= Resident welfare association =

Type of Indian non-governmental organisation

A resident welfare association (frequently abbreviated as RWA) is a Non-governmental organization that represents the interests of the residents of a specific urban or suburban locality, particularly in Indian cities.

== Membership ==

Membership is voluntary, and the leadership is usually elected by fee-paying members. Members who do not pay the voluntary subscription fee in any year may not vote in the general body and other meetings of the association since they would be deemed to have opted out of membership in the voluntary association. Such associations cannot force residents to become members and pay annual or other fees, but they can suspend services to non-paying members.
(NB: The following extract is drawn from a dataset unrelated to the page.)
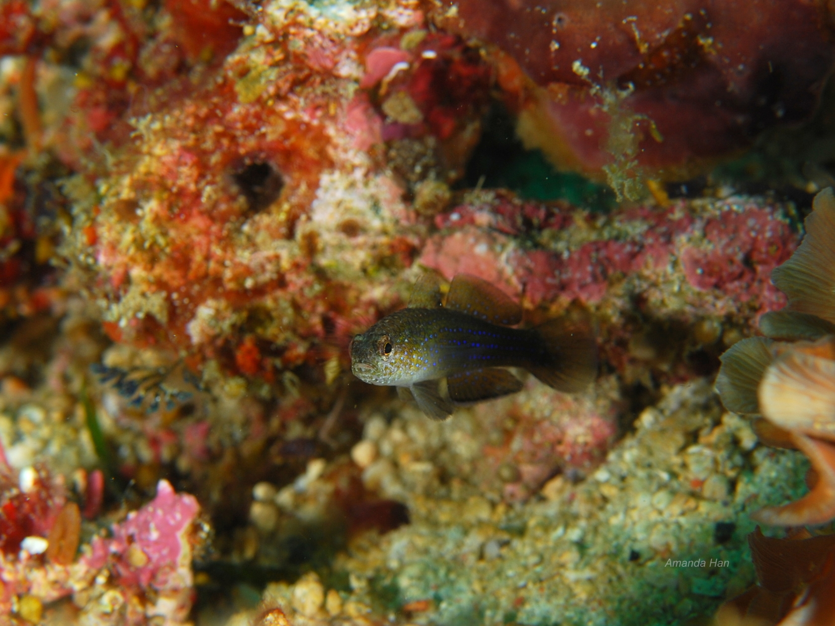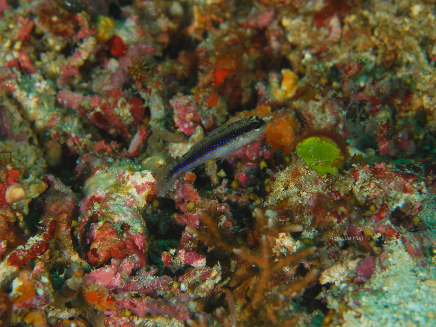在以前,會把這隻歸類為 Iniistius dea 的幼魚,但是目前都已經改為 Iniistius pavo 巴父項鰭魚 的幼魚了。由此可見,幼魚的鑑定是多麼不容易,還需要生物學家們不斷地專業修正。

In some localities, such associations may bear the word "Development" in their nomenclature, such as development and welfare associations.

== Registration ==
RWAs are not official organs of government, and even slums and illegal housing localities in India can form RWAs to represent citizen interests. RWAs are typically registered under co-operative society acts, which require groups to have a minimum of fifteen members from a given area, or under the Apartment Owners Act of the state as "association of apartment owners", or under the Societies Registration Act (central Act or state Act), which requires a minimum of ten members. These acts also set the rules for the establishment of RWA bye-laws, which include such things as membership criteria, voting rights, and the conditions under which RWA officers can initiate legal proceedings on behalf of the registered society. Despite the prevalence of RWAs in slums and unauthorized colonies, however, government programs aimed at involving RWAs in strategic governance decisions, such as Delhi's Bhagidari Scheme, include only RWAs based on planned neighborhoods. RWAs have become increasingly involved in municipal politics and decision-making since the early 2000s and continue to grow in importance.